Transnational Corporation of Nigeria [Transcorp] has closed half year operations with an after tax profit of N10.87 billion, already ahead of the N10.61 billion profit it reported for the 2017 full year trading. The conglomerate made a big return to profit last year and its reconditioned growth engines are firing at an increased momentum this year.
The company’s subsidiary in the power sector – Transcorp Power Ltd, has achieved a significant increase in power generation with capacity improvement and improved gas supply to its plants. Its power generating capacity grew from 505 megawatts in 2016 to 701 megawatts in 2017. The company expects to exceed the 800 megawatts power generating capacity by the end of 2018.
Energy business is the largest revenue provider for the company and has been the leading revenue growth since 2017. Transcorp Group consists of 14 subsidiaries operating across hospitality, power, agro-allied and oil and gas sectors. Its hospitality business remains in good shape despite high competition while it is also expanding its capacity there with an upgrade project in Transcorp Hilton, Abuja.
Last year, the group pulled out of a loss of N1.13 billion in 2016 and looks likely to post a higher profit figure this year than all the profits it earned in five years to 2015. A healthy year-on-year growth of 58% in turnover at the end of half year operations is one of the key strengths of the company this year.
The group closed the second quarter operations with a turnover of N54.09 billion and based on the current growth rate, revenue may close in the region of N114 billion at the end of 2018. Turnover had grown by 35% to over N80 billion in 2017.
The strong growth in revenue was reinforced by a general moderation of costs during the review period. Cost of sales moderated relative to sales revenue at the end of the second quarter and that permitted a healthy growth of 65% in gross profit to N24.57 billion.
Administrative expenses also moderated relative to revenue and with an increase in other income, the company saw a big leap of 82% in operating profit to N17.35 billion at the end of half year trading.
Even a more favourable cost behaviour happened in respect of finance expenses, which increased moderately at 6.6% to about N5 billion. The company’s balance sheet borrowings have declined from over N112 billion at the end of 2017 to a little over N100 billion at the end of the second quarter.
Transcorp’s profit capacity has been reinforced further from the significantly enhanced position in 2017. This reflects strong growth in revenue and a general slowdown in costs.

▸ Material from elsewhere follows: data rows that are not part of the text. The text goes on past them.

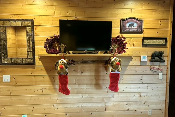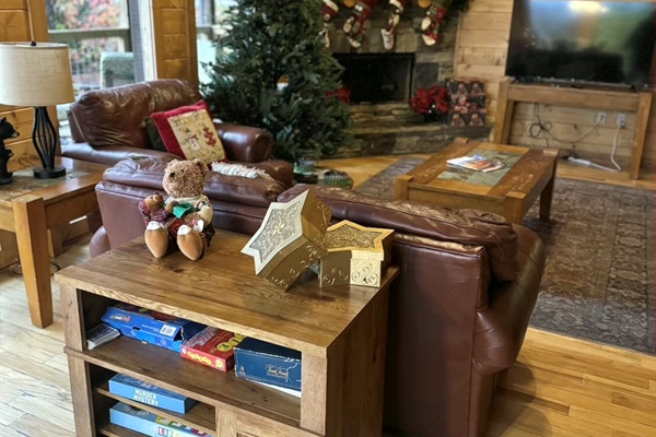 Cozy up by the crackling fireplace beside a beautifully decorated Christmas tree, where twinkling lights and stockings bring the cabin’s holiday spirit to life.
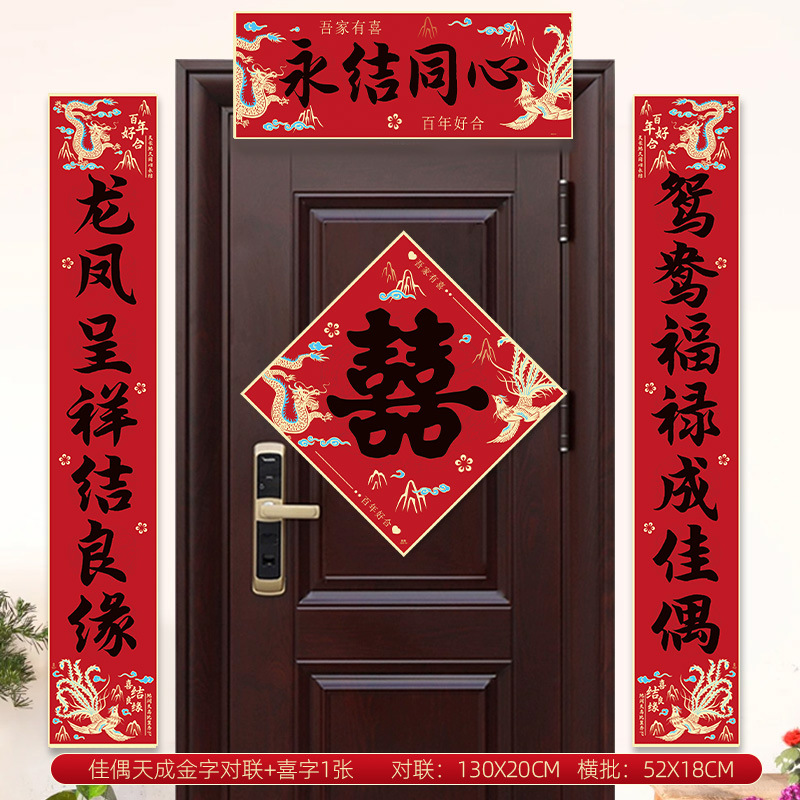 [1.3 m] yongjie tongxin gold word couplet + xi word 1 piece
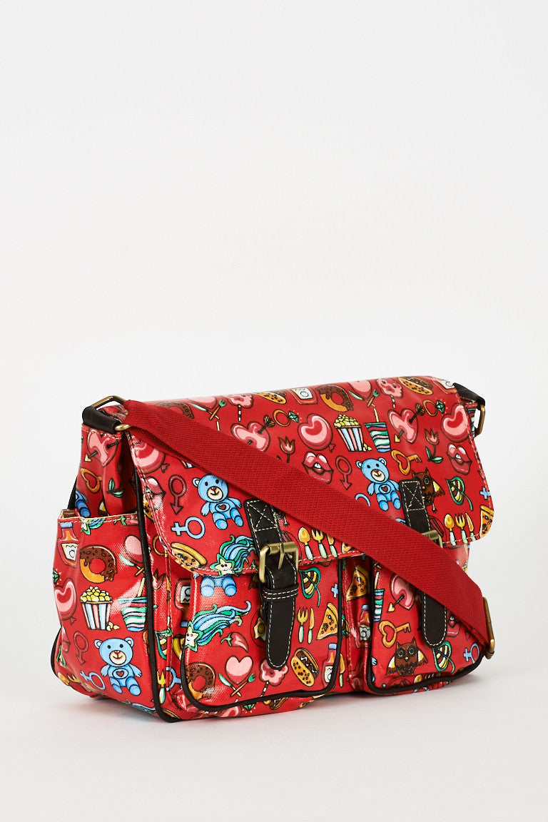 Red Printed Zip Fastening Satchel Bag Key Features: - Two Front Poppas - Internal Top Zip Fastening - Two Front Pocket - Internal Pockets - Lined - Adjustable Shoulder Strap - Back Zip Compartment Material: - Synthetic Approx. Measurements: - Width 33cm - Height 25cm - Depth 12cm
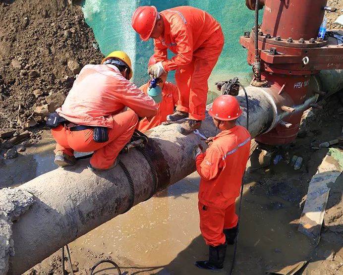 在不間斷施工的10小時過程中,先后完成管道斷管、焊接、新舊管道碰接,恢復新管道供氣全過程施工,確保了棲月苑小區(qū)、潤揚中學和清華園小區(qū)的晚餐正常用氣。

Profit margin has improved from 12.2% in the same period in 2017 and from 13.2% at the end of the year to 20% at the end of June 2018. Growing revenue and improving ability to convert same into profit is the driving force of Transcorp’s exceptional profit growth this year.
The corporation closed the half year operations with an after tax profit of N10.87 billion, a year-on-year advance of 161% and already ahead of the full year profit the company posted in 2017. That leaves good prospects for the company doubling last-year’s profit figure at the end of the current financial year.
The company earned over 11 kobo per share at the end of the second quarter compared to less than 4 kobo per share in the same period last year. It paid a final cash dividend of 2 kobo per share for the 2017 operations.